The return value of the hook contains a few properties:
data - the loaded data of type T. On the client, this is undefined until the data loads)
setData - a function to update data state. It uses React state under the hood, so is asynchronous, and takes a single arg - a function to which the current value of data is provided and from which the updated value of data should be returned.
frontloadMetadata - an object containing pending (true while data is loading),done (true when data has loaded), serverRendered (true when this component was server rendered). error is populated with any error thrown by fn on the client.
An important thing to understand is that on server render, only data is relevant. Your model on server render should be that fn always runs before render, there are no errors, and therefore data is available (and the fields of frontloadMetadata are constants - pending is false, done is true, serverRendered is of course true and error is undefined).

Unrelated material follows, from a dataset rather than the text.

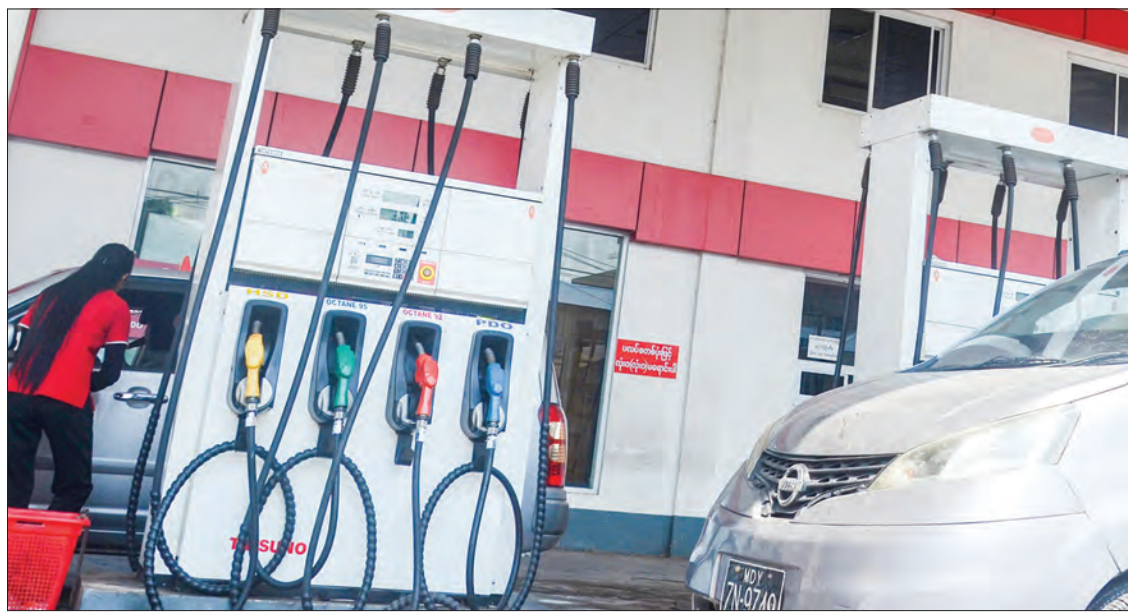
Myanmar imports around 6 million tonnes of fuel oil per year, according to the Ministry of Commerce. The imports are mainly from Singapore.

DOMESTIC fuel prices have increased by K40 to K65 per litre in 10 days, according to local filling stations.

If an error does throw on server render, it is not caught and populated in frontloadMetadata.error, instead it is just thrown and the entire render will fail. Such errors should be caught at the top level in your server render endpoint, and dealt with appropriately for your application.
FrontloadProvider is how you plug React Frontload in to your actual application. Like any provider, you simply need to wrap it around your app at the top level.
frontloadState is an object you create once on the client, and also once on each server render, and pass to FrontloadProvider. It contains context and configuration.
React Frontload provides utility functions for creating frontloadState on both client and server, so this setup is simple.
frontloadServerRender is the wrapper function that makes async data loading work on React server render.
It's an async function and takes an argument with 2 fields: frontloadServerRender, which is created on every server render and also passed to FrontloadProvider, and a render function which should contain your regular synchronous React server render logic - returning the rendered markup.
The render function has an isFinalRender property injected at runtime which indicates if this is the final render pass (React Frontload polyfills async server render by running the render function repeatedly until all promises are collected, see the how does it work section above for more detail). This is useful if you need to render stylesheets or other one-time side effects only after the final render - this is a common pattern with style libraries.
The return value is a Promise (the function is, of course, async) of the output of the final render, and also all the data loaded from all useFrontload hooks encountered in the render. This data must then be serialised so it can be hydrated into frontloadState on the client. See the example section for an example of this.